Oh, how things can change in a couple of years! In September 2021, I wrote a piece drawing investors’ attention to a story that was in danger of getting lost on a jobs report day: Walmart (WMT) revealed at that time that they were raising the rate of pay for hourly workers. That, I said, was significant because Walmart is the nation’s largest single employer, and their feeling the need to raise wages signaled pressure in the labor market that could, and probably would, have an inflationary effect.
Prices were already rising at that point, which in part prompted the move by WMT, but wage increases are often the start of a vicious cycle in an inflationary environment, and that announcement and similar moves by others that followed did indeed contribute to inflation that jumped to around nine percent by the end of that year. That led to more and bigger rate hikes designed to slow the economy that, so far, haven’t really done that, but still could, given the usual time lag between Fed policy changes and their impact in the real world.
So, fast forward to today, when you see the headline “Walmart Cuts Starting Pay For Some Entry-level Store Workers,” and one might assume that that is good news (at least for anyone not thinking of working at Walmart), given concerns about inflation and its impact on the stock market. In some ways it is good news. After all, when it comes to the labor market, others follow where WMT leads, as we saw back in 2021. However, this move seems to be more about adjusting to changing consumer behavior than it is about conditions in the labor market or the overall economy.
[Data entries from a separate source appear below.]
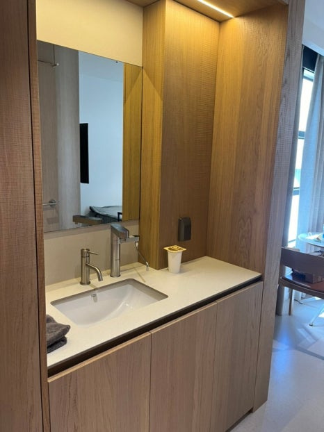 침대 옆에 옷장과 냉장고, 세면대에 세안도구가 있고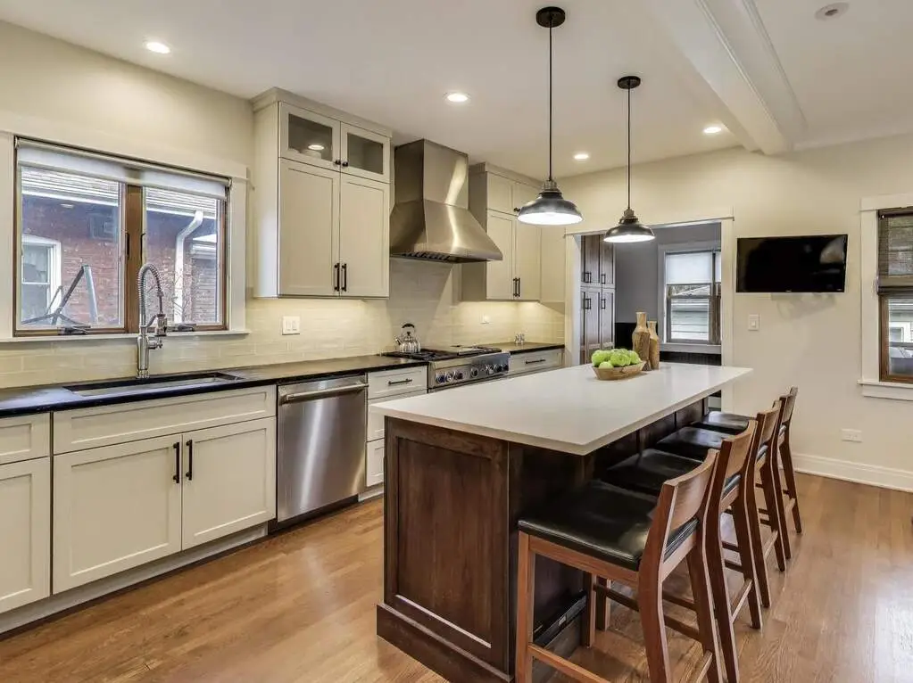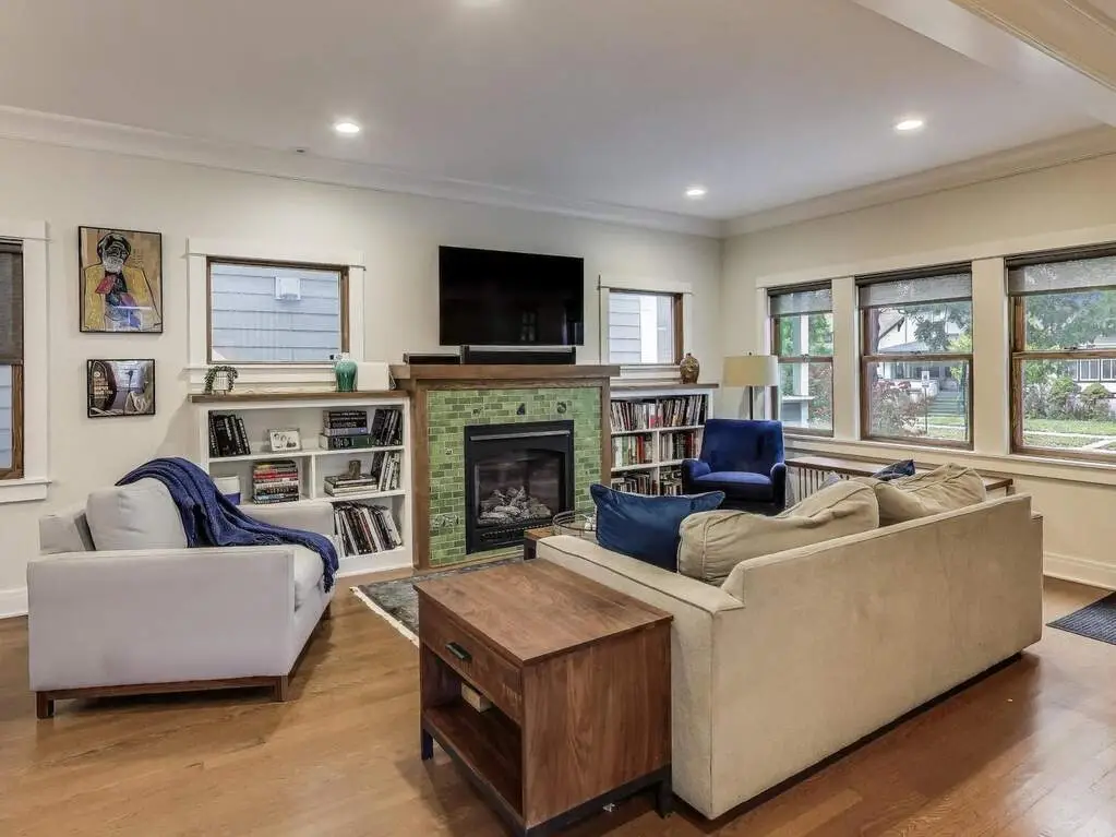 Welcome to this stunning, remodeled home nestled on a friendly, tree-lined street just moments from the city. Fully renovated to the studs in 2019, the open and inviting floorplan is flooded with light. The welcoming front porch was constructed with maintenance-free TimberTech and has the look of real wood with greater sustainability. Step inside to the spacious living room which includes a custom tile surround fireplace fueled by natural gas and enclosed with built-in bookcases which can also be enjoyed from the attached dining room. The kitchen is a showstopper and features a large island with quartz countertop. Oversized, gray cabinets outline the wall and are a striking contrast to the black, soapstone countertop. Thermador appliances, floating shelves, and a coffee nook are a few more touches that complement this incredible space. Directly off the kitchen is an attached family room and mud room with large, oak pantry and seating area with hooks. There is also a first-floor bedroom located off the dining room and full bath with custom tile and bathtub. The second floor features a large primary suite with a spa-like bath and dual walk-in closets. An adjacent laundry room with front loaders and custom, maple shelves for folding. And no need to lug around an ironing board since it folds out from the wall! There are two additional bedrooms and a large, hall bath with beautiful tile, heated floors, and large bathtub. A built-in, floor to ceiling bookcase is featured in the hallway next to the cozy sunroom drenched with light. White trim and baseboards bring a clean, modern finish to first two levels of this home. A fully finished mid-century basement is an entertainer's dream. The rec room features a bar with sink and shelving for beverages. The bar currently has an 8-tap kegerator (negotiable). The back of the basement presently serves as an in-law kitchen and brewery (appliances and equipment negotiable). The fourth bathroom is in the basement and is just as wonderful as the rest with a traditional Chicago style design with "daisy" pattern tile and a full, walk-in shower. Clad in Hardie Board siding, the oversized garage has a rear party door providing direct access to the paver patio. Steps to Oak Park Avenue restaurants and the Blue Line and easy access to the Eisenhower expressway. Beyond move-in ready!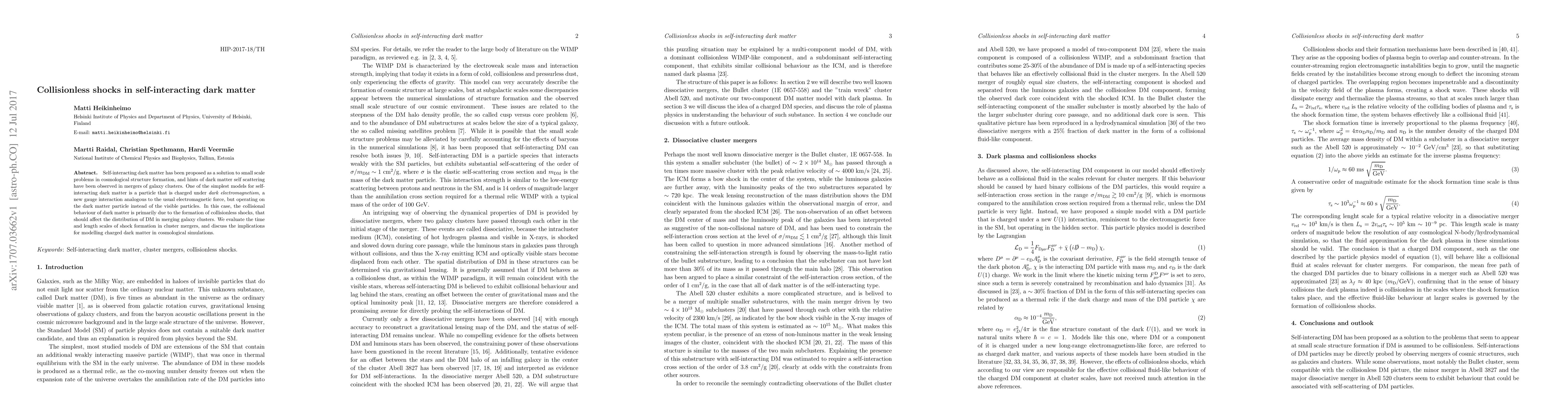 This paper investigates collisionless shocks in self-interacting dark matter, particularly focusing on a model where dark matter particles are charged under dark electromagnetism. The study evaluates the time and length scales of shock formation during galaxy cluster mergers and discusses implications for cosmological simulations.

In 2021, the thought was that some of the changes in the way people shopped that had been forced on them by the pandemic were here to stay. There was a rapid acceleration in online ordering at the time, with things like personal shoppers and curbside pickup gaining ground. Walmart’s pay raises were about trying to fill jobs in those areas. That made sense in the circumstances, but the feeling was that once customers had tasted the convenience of those programs, they wouldn’t go back to walking around stores and standing in line.
That, it seems, hasn’t been true.
Walmart’s cut in starting pay is in those areas only, and in fact it is being accompanied by a review of wage bands that will actually raise wages for around 50,000 employees according to the company’s spokesperson, Anne Hatfield. Overall, a dollar cut in starting pay in a field that is shrinking in importance is more than offset by pay hikes elsewhere. The headlines around this move say “pay cuts” but the reality is anything but.
Even though the unemployment rate ticked up last month, it is still below 4%, where it has been since January of 2022. That is well below the long-term average and almost certainly constitutes what economists view as “full employment.” In other words, workers still have significant power in wage negotiations and upward pressure on wages remains, even as the economy begins to slow in response to interest rates climbing from zero to over five percent in just a year and a half.
The danger here is that the full impact of those rate hikes starts to be felt in terms of an economic slowdown while inflationary pressure from wages remains. That could lead to a situation where inflation stays above the Fed’s target rate, even as the economy contracts, the dreaded stagflation that caused so much damage in the 1970s. We aren’t there yet, of course, and there could still be a fairy tale ending, with the economy slowing just enough to temper inflation but not so much as to push wages lower, and thereby lower everyone’s standard of living. If we do, though, it won’t be because Walmart trimmed starting wages for new hires in one part of their massive workforce.